My favorite would have to be Hello Darkness, which was taken from Simon & Garfunkel’s Sound Of Silence. I have never had any issues regarding samples which is a bit of a shame really as I wish one of these so called super stars would come at me sideways as I would flip that situation and use it in such a way that they would wish they never bothered! Whenever I use a sample I create new life or new art from it I never disrespect it and I use it because I am inspired by it.
Your output between 2000 and 2011 dropped drastically, what were you up to?

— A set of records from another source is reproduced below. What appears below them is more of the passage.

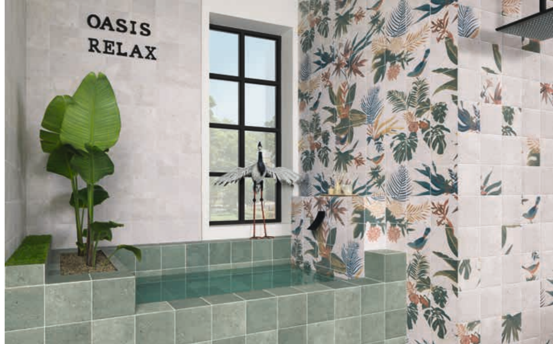
White Bali Stone 20x20 · 8"x8" · Green Bali Stone 20x20 · 8"x8" · Decor Samui 20x20 · 8"x8" · Mural Samui 120x120 formado por 36 piezas de 20x20 · 48"x48" formed by 36 pieces of 8"x8"
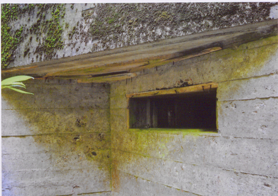
(foto. 5) elewacja wschodnia – boczna, otwór strzelniczy, pozostałości drewnianego
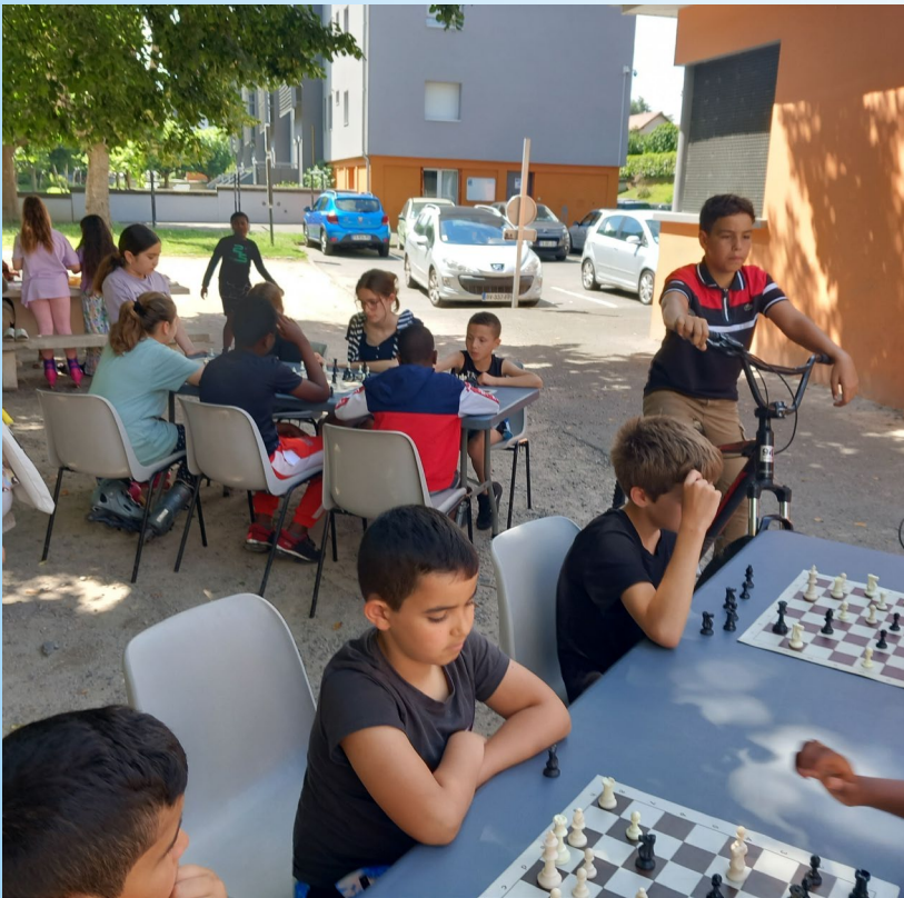
Quartier Mouysset TARBES
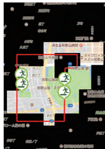
図 7: 実験後の画面例

図 7 に、実験終了後に取得した実験協力者 1 名の画面例を示す。この実験協力者の場合は、自由に歩いた周辺のタイルが剥がれ、画面上に避難施設を表すマークが 4 つ表示されたことがわかる。
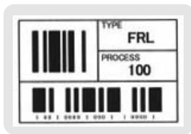
耐溶剤性ラベルなら、消えることはありません
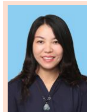
邹洁 图书馆党总支

As I mentioned earlier in 97 I decided to leave the scene as I wanted to do other things and move forward with my life in other ways especially as I had a young family I wanted to be with them more and be involved in their lives more I also wanted to go into higher education which I did as I attended London Metropolitan University and obtained an honors’ degree in Computer Science.
I remember ‘The Rood Project’ having a warning Label on it for excessive bass! What happened to prompt that?
That was kind of like a marketing thing but at the same time if you are familiar with the track in question “Thunder” I’m sure you’ll agree that a certain amount of caution was necessary for when the bass drops midway through the track.
“Have a Break” was one of the first sample packs I remember seeing for jungle producers. What made you want to put that together?
The way my mind works is often ahead of time and many of the things I did back in the day most people didn’t get at the time and in a way this was another example of that type of thinking also massive props to Andy Bailey who was the label manager at WhiteHouse who was always very supportive of my ideas convinced me that this was indeed a great idea and it was yet another first in the Jungle scene in a ready to sample multi chopped and layered CD format and sold many thousands of copies over the years and made WhiteHouse lots of money.
What brought you back to the music, what is your new school production setup like?
What brought me back was a combination of factors one being the burning desire within me to make music again also a fella by the name of Pete Cassin aka Dj Devnull who runs blogtotheoldskool.com helping to convince me that it was time for me to return also discovering a site called Whatever happened to Bay B Kane…The combination of these factors was enough for me to say yeah its time and so I officially returned March 2010 and have been in the thick of it ever since. I have had so many releases on so many labels since my return that it would take up too much time and space to list all here but the 2 main labels I release on are Boomsha Recordings which covers the Future Jungle sub genre and my own imprint Ruff Guidance Records.